Let’s implement these two schedules.
def linear_schedule(num_timesteps):
beta_start = 1e-4
beta_end = 0.02
betas = torch.linspace(beta_start, beta_end, num_timesteps)
return betas
def cosine_schedule(num_timesteps, s=0.008):
def f(t):
return torch.cos((t / num_timesteps + s) / (1 + s) * 0.5 * torch.pi) ** 2
x = torch.linspace(0, num_timesteps, num_timesteps + 1)
alphas_cumprod = f(x) / f(torch.tensor([0]))
betas = 1 - alphas_cumprod[1:] / alphas_cumprod[:-1]
betas = torch.clip(betas, 0.0001, 0.999)
return betas
Now, we want to define a function for sampling from the forward process. First, let’s define a helper function to sample a tensor sorted by time, according to timesteps.
def sample_by_t(tensor_to_sample, timesteps, x_shape):
batch_size = timesteps.shape[0]
sampled_tensor = tensor_to_sample.gather(-1, timesteps.cpu())
sampled_tensor = torch.reshape(sampled_tensor, (batch_size,) + (1,) * (len(x_shape) - 1))
return sampled_tensor.to(timesteps.device)
and define αₜ, α̅ₜ, βₜ and some operation on them as we need according to the developments in part 2 and part 3.
num_timesteps = 300
betas_t = linear_schedule(num_timesteps)
alphas_t = 1. - betas_t
alphas_bar_t = torch.cumprod(alphas_t, dim=0)
alphas_bar_t_minus_1 = torch.cat((torch.tensor([0]), alphas_bar_t[:-1]))
one_over_sqrt_alphas_t = 1. / torch.sqrt(alphas_t)
sqrt_alphas_bar_t = torch.sqrt(alphas_bar_t)
sqrt_1_minus_alphas_bar_t = torch.sqrt(1. - alphas_bar_t)
# the variance of q(xₜ₋₁ | xₜ, x₀) as in part 3
posterior_variance = (1. - alphas_bar_t_minus_1) / (1. - alphas_bar_t) * betas_t
The forward process sampling function is
def sample_q(x0, t, noise=None):
if noise is None:
noise = torch.randn_like(x0)
sqrt_alphas_bar_t_sampled = sample_by_t(sqrt_alphas_bar_t, t, x0.shape)
sqrt_1_minus_alphas_bar_t_sampled = sample_by_t(sqrt_1_minus_alphas_bar_t, t, x0.shape)

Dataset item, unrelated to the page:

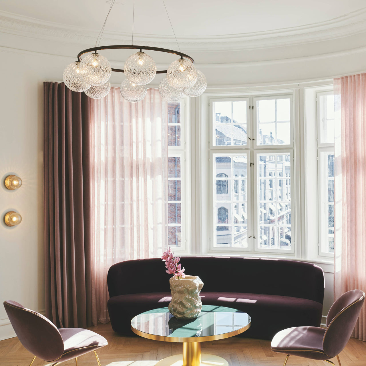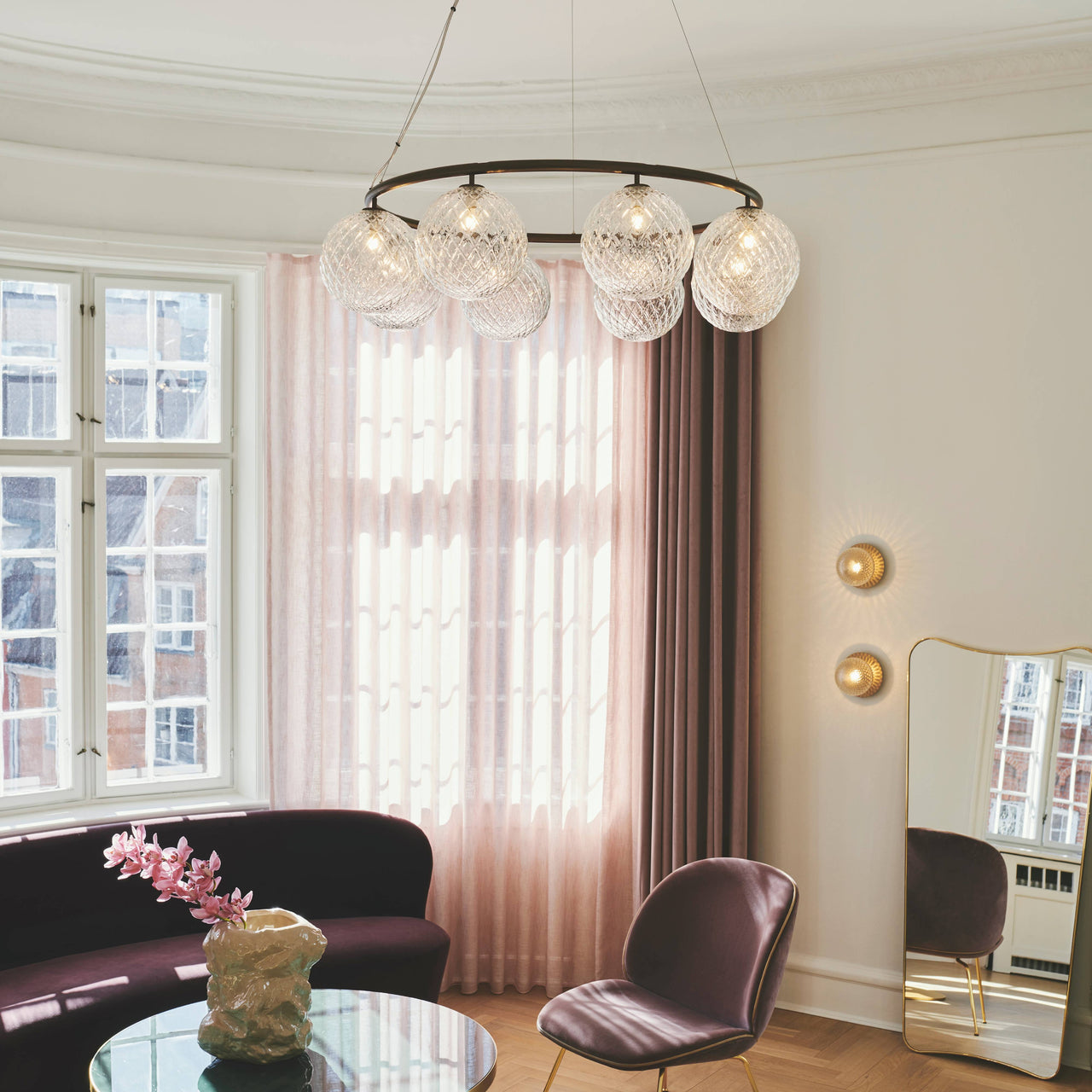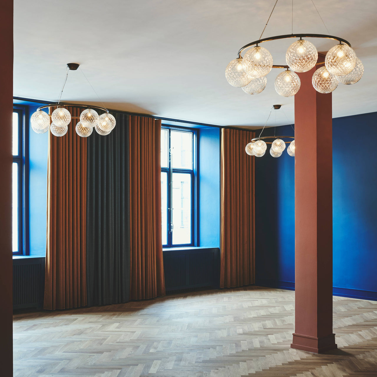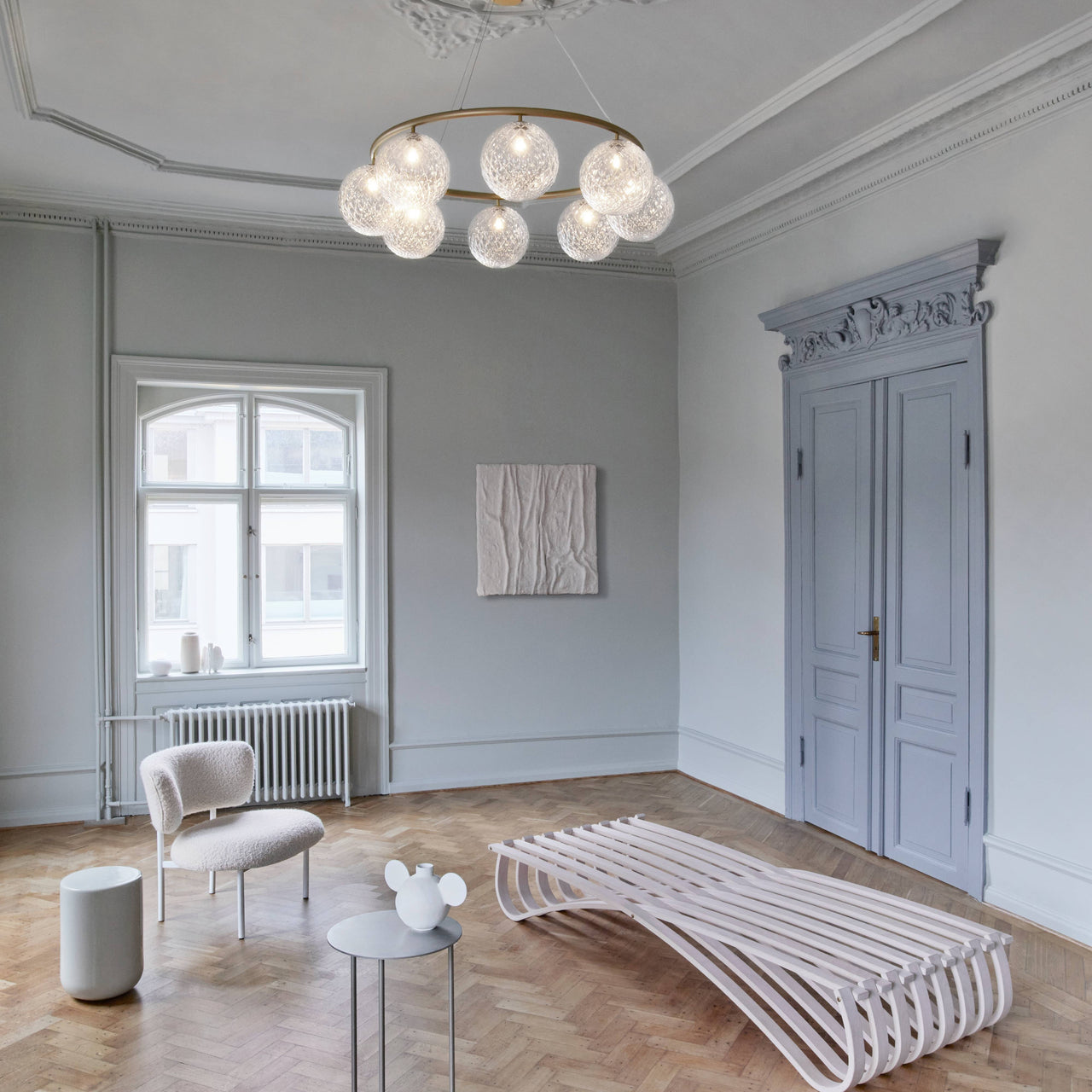 Nuura is an emerging Danish lighting brand that creates eclectic collections that each revolve around an updated chandelier. Cofounder Sofie Refer (alongside Nadia Lassen and Peter Østerberg) says, “For me, chandeliers are a beautiful symbol of generosity, a piece of art. That is why I always design a family of products around a chandelier.” Inspired by the fabled Nordic light, the company’s offerings meld time-honored artisanal techniques like mouth-blown glass with state-of-the-art technology.
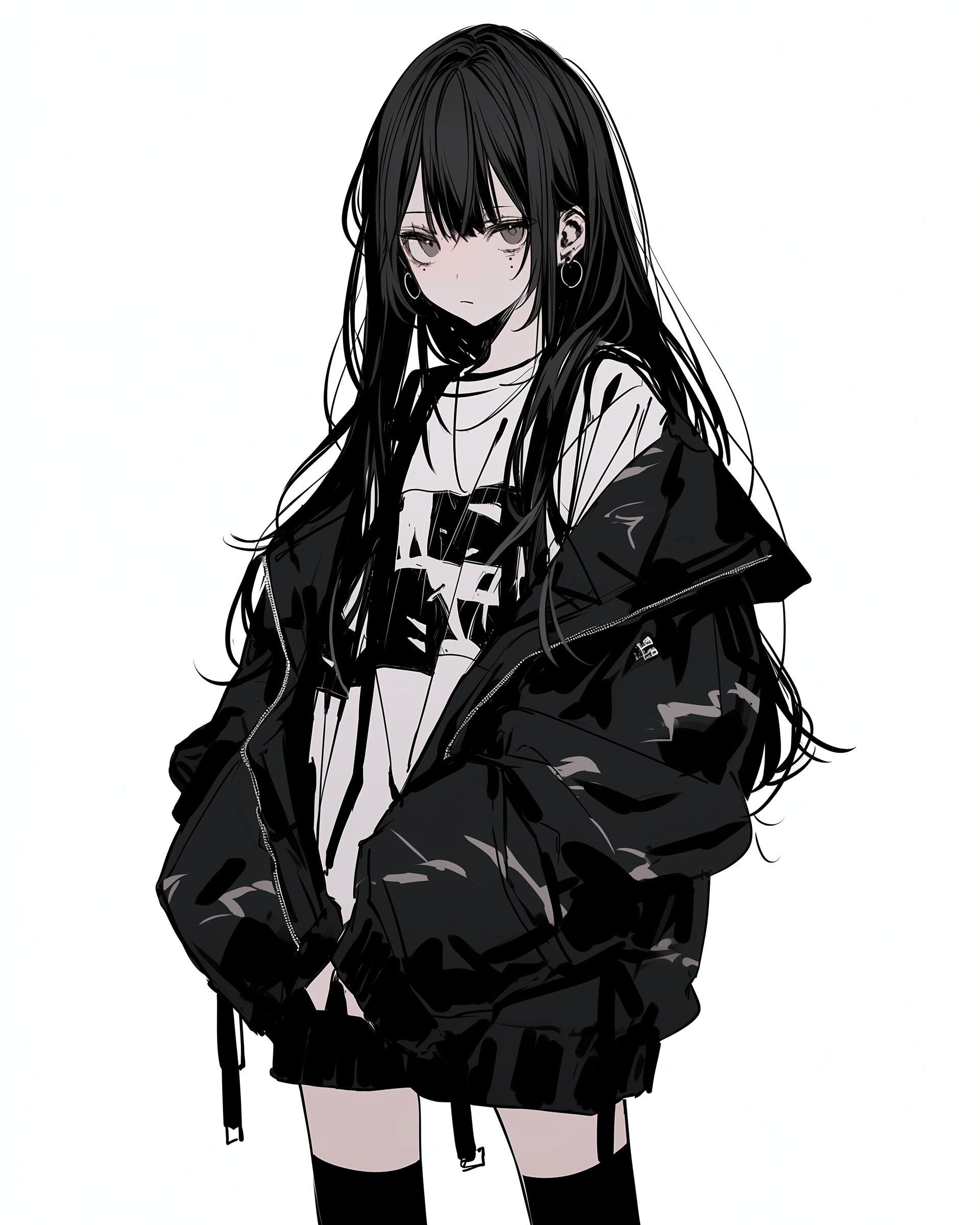 検索タグ:イラスト、ファッション、キャラクター、女性、女、女の子、女子、女の人、アニメ、漫画、マンガ、美人、美女、若い、かわいい、可愛い、カワイイ、人物、顔、美しい、綺麗、きれい、キレイ、アート、お洒落、挿絵、インスタ、Instagram、fashion、コピースペース、おしゃれ、オシャレ、秋、秋服、待ち合わせ、秋冬ファッション、冬服、ブラック、BLACK、黒、パーカー女子、白背景、かっこいい、クール、カッコイイ

x_t = sqrt_alphas_bar_t_sampled * x0 + sqrt_1_minus_alphas_bar_t_sampled * noise
return x_t
where we use the relation from part 2
Now, it’s time to see how an image will look when adding a different amount of noise during the forward process. For that, let’s start by loading an image to work with. We are going to use PIL
and the requests
modules to get an image from the web.
import requests
from PIL import Image
url = 'https://images.pexels.com/photos/1557208/pexels-photo-1557208.jpeg?auto=compress&cs=tinysrgb&w=1260&h=750&dpr=2'
image_raw_data = requests.get(url, stream=True).raw
image = Image.open(image_raw_data)
To work with the image, we need to convert it into a Pytorch tensor. We also want to transform it according to some standardization:
- A square shape
- Predefined size
- Values in the range [-1, 1]
We can achieve this with the help of the transformation
module from torchvision
.
from torchvision.transforms import Compose, ToTensor, CenterCrop, Resize, Normalize
image_size = 128
transform = Compose([
Resize(image_size), # resize smaller edge to image_size
CenterCrop(image_size), # make a square image with size image_size
ToTensor(), # convert to tensor with shape CHW and values in the range [0, 1]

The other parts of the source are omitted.